Greenspan’s track record (August 1987-January 2006) looks favorable only compared to the pathetic performance of his immediate predecessors – i.e., to that seen in the 18½-year period spanning March 1969 to July 1987. His performance pales in comparison to that delivered in the 18½ years before that (August 1950 to February 1969), when we had Fed officials who today no one can remember by name – because they operated not according to power-lusting whim but under an objective monetary standard: the gold standard. True, it was the Bretton Woods gold-exchange standard, not a true gold standard, but it was superior to the mélange of policies adopted by Greenspan and his immediate predecessors. Under the gold-exchange standard Fed chairman weren’t household names because they delivered few speeches, rarely testified, changed interest rates infrequently and exercised far less power. Their only real job was to issue a gold-convertible dollar.

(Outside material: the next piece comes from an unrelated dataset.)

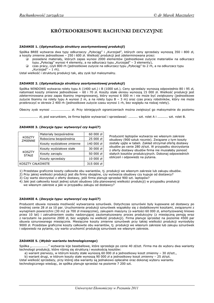 Rachunkowość zarządcza © dr Marek Masztalerz KRÓTKOOKRESOWE RACHUNKI DECYZYJNE ZADANIE 1. (Optymalizacja struktury asortymentowej produkcji) Spółka BREE wytwarza dwa typy odkurzaczy „Pyłociąg” i „Kurzojad”, których ceny sprzedaŜy wynoszą 350 i 800 zł, a koszty zmienne jednostkowe – 250 i 600 zł. Wielkość produkcji jest zdeterminowana przez: posiadane materiały, których zapas wynosi 2000 elementów (jednostkowe zuŜycie materiałów na odkurzacz typu „Pyłociąg” wynosi 4 elementy, a na odkurzacz typu „Kurzojad” – 3 elementy), czas pracy, czyli 800 rh (jednostkowe zuŜycie na odkurzacz typu „Pyłociąg” to 2 rh, a na odkurzacz typu „Kurzojad” – 1 rh). Ustal wielkość i strukturę produkcji tak, aby zysk był maksymalny. ZADANIE 2. (Optymalizacja struktury asortymentowej produkcji) Spółka WINDOWS wytwarza rolety typu A (1400 szt.) i B (1000 szt.). Ceny sprzedaŜy wynoszą odpowiednio 80 i 95 zł, natomiast koszty zmienne jednostkowe – 60 i 70 zł. Koszty stałe okresu wynoszą 15 000 zł. Wielkość produkcji jest zdeterminowana przez zapas tkaniny impregnowanej, który wynosi 6 000 m i nie moŜe być zwiększony (jednostkowe zuŜycie tkaniny na rolety typu A wynosi 2 m, a na rolety typu B – 3 m) oraz czas pracy robotników, który nie moŜe przekroczyć w okresie 2 400 rh (jednostkowe zuŜycie czasu wynosi 1 rh, bez względu na rodzaj rolety). Obecny zysk wynosi ................... zł. Przy istniejących ograniczeniach moŜna zwiększyć go maksymalnie do poziomu .................. zł, pod warunkiem, Ŝe firma będzie wytwarzać i sprzedawać: ......... szt. rolet A i .......... szt. rolet B. ZADANIE 3. (Decyzja typu: wytworzyć czy kupić?) KOSZTY ZMIENNE Materiały bezpośrednie 60 000 zł Robocizna bezpośrednia 25 000 zł Koszty wydziałowe zmienne KOSZTY STAŁE Koszty wydziałowe stałe 30 000 zł Koszty zarządu 50 000 zł Koszty sprzedaŜy KOSZTY CAŁKOWITE 1) 2) 3) 4) 140 000 zł 10 000 zł Producent laptopów wytwarza we własnym zakresie obudowy (900 sztuk rocznie). Związane z tym koszty zostały ujęte w tabeli. Zakład otrzymał ofertę dostawy obudów po cenie 280 zł/szt. W przypadku skorzystania z oferty dostawy obudów firma nie musiałaby ponosić stałych kosztów produkcyjnych. Dokonaj odpowiednich obliczeń i odpowiedz na pytania. 315 000 zł Przedstaw graficznie koszty całkowite obu wariantów, tj. produkcji we własnym zakresie lub zakupu obudów. Przy jakiej wielkości produkcji jest dla firmy obojętne, czy wytwarza obudowy czy kupuje od dostawcy? Czy warto skorzystać z oferty dostawy, jeśli firma planuje sprzedaŜ 900 szt. laptopów? Jaki jest całkowity koszt jednej sztuki obudowy (dla planowanej wielkości produkcji) w przypadku produkcji we własnym zakresie a jaki w przypadku zakupu od dostawcy? ZADANIE 4. (Decyzja typu: wytworzyć czy kupić?) Producent obuwia rozwaŜa moŜliwość wytwarzania sznurówek. Dotychczas sznurówki były kupowane od dostawcy po średniej cenie 28 zł za 10 par. Uruchomienie produkcji sznurówek wiązałoby się z dodatkowymi kosztami, związanymi z wynajmem powierzchni (30 m2 za 700 zł miesięcznie), zakupem maszyny (o wartości 60 000 zł, amortyzowanej liniowo przez 10 lat) i zatrudnieniem osoby nadzorującej zautomatyzowany proces produkcyjny (z miesięczną pensją wraz z narzutami na poziomie 2000 zł, bez względu na wielkość produkcji). Firma planuje sprzedaŜ na poziomie 4500 par obuwia sznurowanego miesięcznie. Miesięczne koszty zmienne sznurówek przy takiej wielkości produkcji wyniosłyby 9000 zł. Przedstaw graficznie koszty całkowite obu wariantów, tj. produkcji we własnym zakresie lub zakupu sznurówek i odpowiedz na pytanie, czy warto uruchomić produkcję sznurówek we własnym zakresie. ZADANIE 5. (Wybór wariantu technologicznego) Spółka „................” wytwarza kije baseballowe, które sprzedaje po cenie 40 zł/szt. Firma ma do wyboru dwa warianty technologii produkcji, które róŜnią się strukturą i wysokością kosztów: a) wariant pierwszy, w którym koszty stałe wynoszą 60 000 zł a jednostkowy koszt zmienny – 30 zł/szt., b) wariant drugi, w którym koszty stałe wynoszą 90 000 zł a jednostkowy koszt zmienny – 25 zł/szt. Ustal wielkość sprzedaŜy, przy której oba warianty są jednakowo opłacalne oraz dokonaj wyboru wariantu technologicznego wiedząc, Ŝe spółka planuje sprzedaŜ na poziomie 7 200 szt. Uniwersytet Ekonomiczny w Poznaniu 2011

In a recent study, my firm compared these distinct, 18½-year eras: 1) the Greenspan-led Fed (1987-2006), 2) the non-Greenspan Fed (1969-1987) and 3) the gold-based Fed (1950-1969). Whether measuring the U.S. economic growth rate, inflation, interest rates, commodity prices, real wages, productivity, unemployment or equities, we found that U.S. economic-financial performance under the Greenspan Fed was less-bad than it was under the non-Greenspan Fed, but performance was spectacular and superior under the gold-based Fed compared to each of the others. The S&P 500 gained an average of 21.8% p.a. in real terms under the gold-based Fed versus a loss of -0.7% p.a. under the non-Greenspan Fed and a rise of just 12.9% p.a. under Greenspan. U.S. output grew 6.9% a year under the gold-based Fed, compared to 2.8% under the non-Greenspan Fed and 3.7% under the Greenspan Fed. Under Greenspan the U.S. CPI rate averaged 4.0% a year, down from 11.8% per year under the non-Greenspan Fed, but not nearly as low as the 2.6% annual rate seen under the gold-based Fed. The Fed Funds rate and 30-year mortgage rate averaged 4.81% and 7.89% per year under Greenspan – lower than the 8.58% and 10.65% rates witnessed in the immediately-preceding era, but not nearly as low as the 2.91% and 4.60% rates enjoyed under the gold-based Fed. Finally, under Greenspan the U.S. unemployment averaged 5.5%, productivity rose 2.8% p.a. and real wages advanced 1.4% p.a.; while better than the 1969-1987 era – when the jobless rate averaged 6.8%, productivity grew 1.4% p.a. and real wages gained just 1.2% p.a. – the gold-based era outperformed yet again, with an average jobless rate of just 4.7%, annual productivity gains of 3.3% and average real wage gains of 3.4% p.a..

Given the evidence, it’s scandalous that economists today, aping the views of professors and Fed officials, continue to insist that fast economic growth and low unemployment rates “cause” higher inflation. In fact, there’s an inverse relationship between inflation and growth. The 1969-1987 period saw “stagflation” – a lethal combination of low growth, high inflation and widespread joblessness which curbed stock gains – while the gold-based era saw fast growth, low inflation and interest rates and low joblessness – which brought healthy stock gains. The Greenspan era fell between these extremes. But in today’s world facts are blithely evaded – or damned. Ask any economist: “Do you have more respect for Greenspan or the gold standard?” They’d answer: “Greenspan, of course.” Then they’d deride gold as a “barbarous relic,” echoing their other big hero – John Maynard Keynes. A U.S. Senator recently called Greenspan “the greatest central banker who ever lived.” In truth that appellation belongs to the gold standard – precisely because it tied the hands of central bankers.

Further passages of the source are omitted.